Herbstmond über der Tauterrasse

Bild der 42. Woche - 15. Oktober bis 21. Oktober 2018

Yuan Yao (tätig um 1720-1780): Herbstmond über der Tauterrasse, nicht datiert. Hängerolle, Tusche und Farben auf Seide. Museum für Ostasiatische Kunst, Inv Nr. A 89,1 (Foto: RBA)

In China kommt dem Mond in der Lyrik, der Malerei, der Philosophie und dem Kult eine besondere Bedeutung zu. Im Herbst erscheint der Vollmond außergewöhnlich groß und rund und man feiert das „Mittherbstfest“ (Zhongqiujie), bei welchem man sich mit Familie und Freunden trifft, zusammen speist und auf den vollkommenen, Mond sein Glas erhebt und Dichter zitiert.

Das kostbare Gemälde von Yuan Yao fängt die beinahe mystische, nächtliche Stimmung in einer Palastanlage ein, die inmitten einer idealisierten, vom fahlen Licht des Vollmondes beschienenen, nebligen Herbstlandschaft liegt. Vermutlich wurde die repräsentative, sehr großformatige Seidenmalerei von ihren ursprünglichen Besitzern im Herbst in einer hohen, repräsentativen Halle entrollt und aufgehängt.

Der Mond wird mit dem weiblichen Yin-Aspekt des Kosmos assoziiert. Eine Figurenszene im vorderen, offenen Hof des Palastgeländes, zeigt Dienerinnen und Kerzenträgerinnen, die eine Dame flankieren. Die Personengruppe schreitet auf die große vordere Halle, der teilweise hinter Nebelschwaden verborgenen Palastgebäude, zu. Die Darstellung der Prozession zur Zeit des Vollmondes lässt sich mit Ritualen zur Verehrung der legendären Mondgöttin Chang E in Verbindung bringen, welche traditionell von Frauen durchgeführt wurden.

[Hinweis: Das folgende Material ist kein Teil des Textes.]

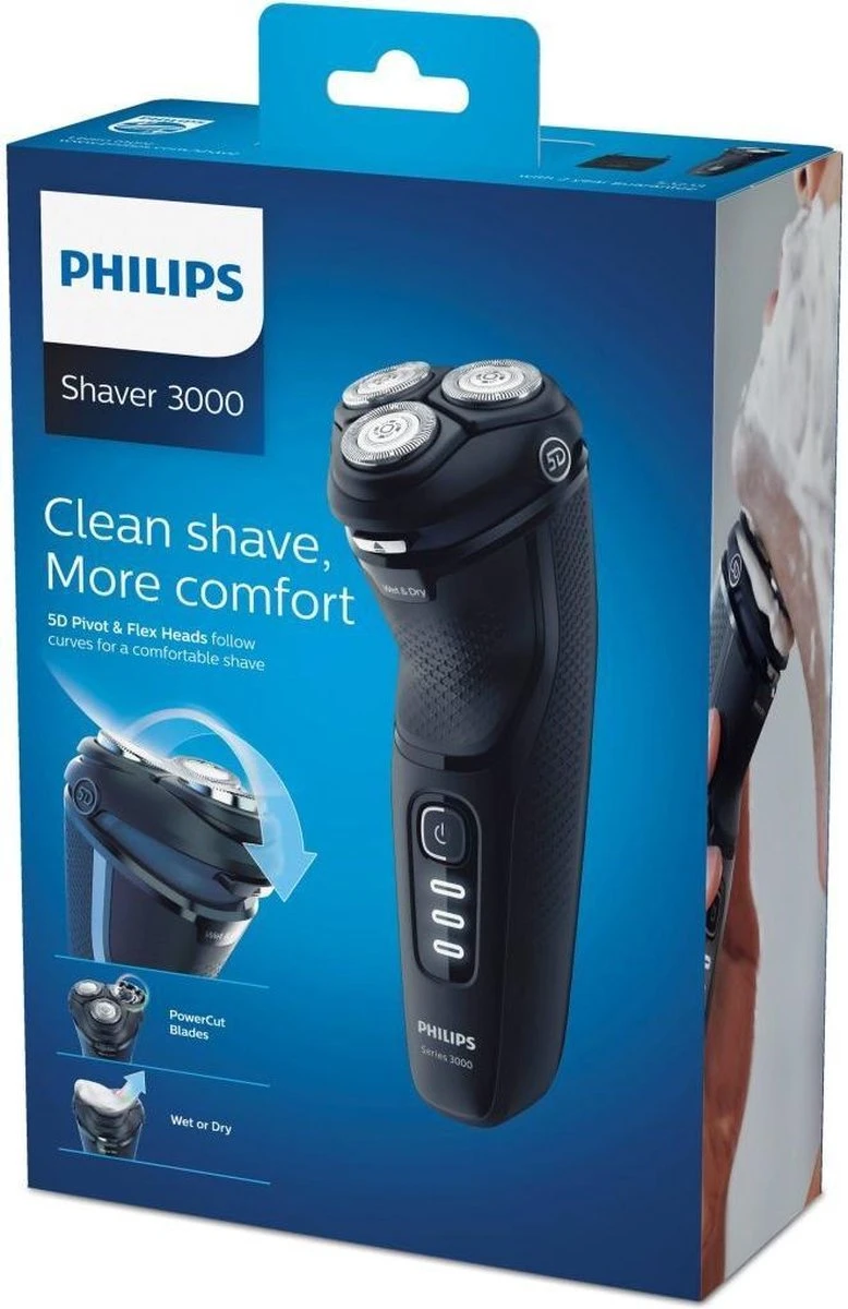 Met de Philips S3233/52 Shaver 3000 scheerapparaat kunt u zich gemakkelijk scheren. De 5 D Pivot & Flex-scheerhoofden, het PowerCut-messysteem en de natte en droge functie zorgen voor een glad, prettig aanvoelend resultaat.
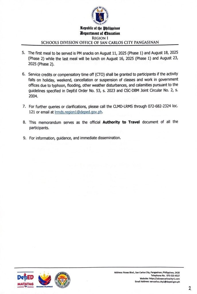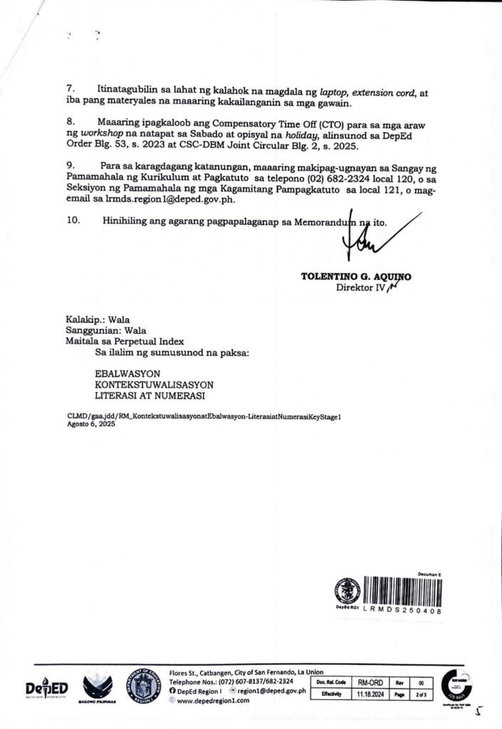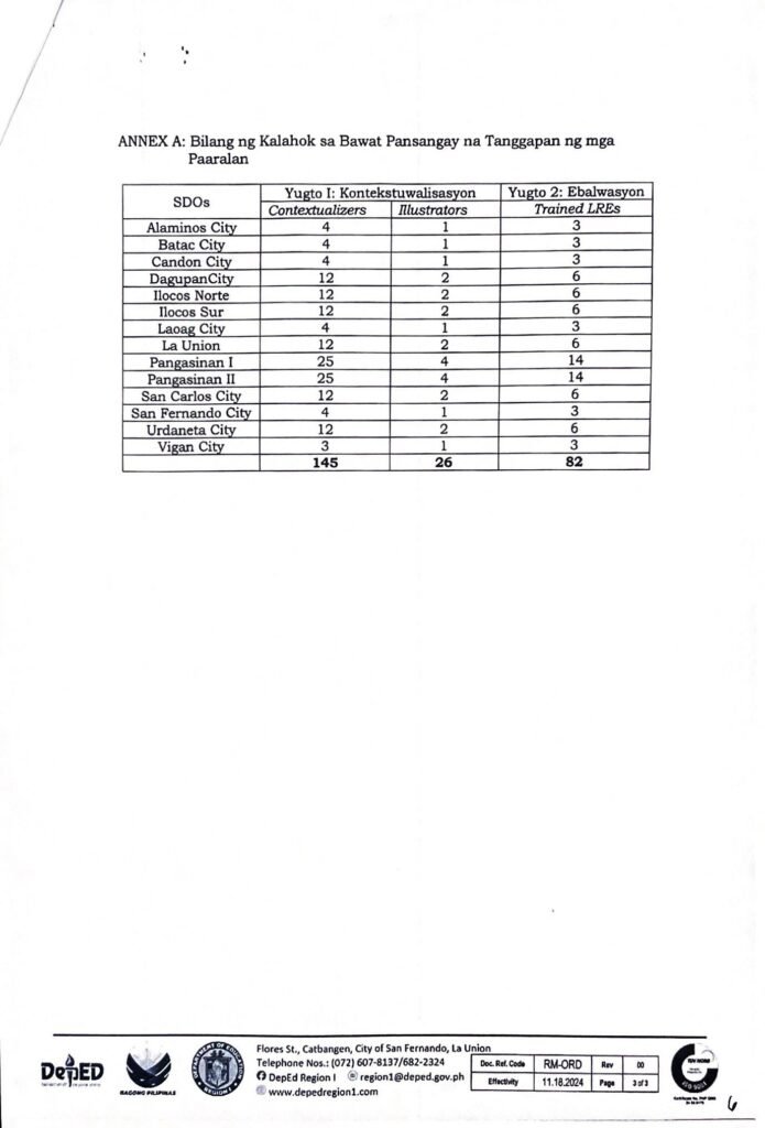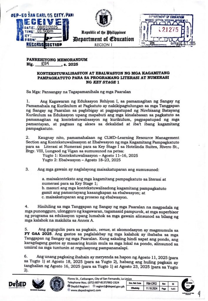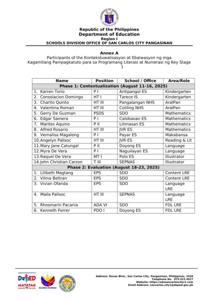 Division Memorandum No. 353 s, 2025 – Participants of the Kontekstuwalisasyon at Ebalwasyon ng mga Kagamitang Pampagkatuto para sa Programang Literasi at Numerasi ng Key Stage 1

In der Malerei von Yuan Yao, der einer im 18. Jahrhundert tätigen, sehr bekannten südchinesischen Malschule entstammt, finden sich weitere Bildthemen, die sich mit der Jahreszeit Herbst verbinden lassen. Die titelgebende Tauterrasse (lutai) ist im hinteren Bildteil außerhalb des Palastbezirks in der Nähe einer Baumgruppe zu sehen. Dieses ursprünglich in der Han-Zeit (206 v. Chr. bis 220 n. Chr.) errichtete Bauwerk war Bestandteil des kaiserlichen Palastareals des mächtigen Han Wudi (156-87 v. Chr.) Der nach Unsterblichkeit strebende Kaiser ließ die Tauterrasse errichten, um dort mithilfe einer erhöht platzierten Schale Tau aufzufangen. Tau galt als Nahrungsmittel der Unsterblichen und sollte diese anlocken und dem Kaiser auf diese Weise zu Unsterblichkeit verhelfen.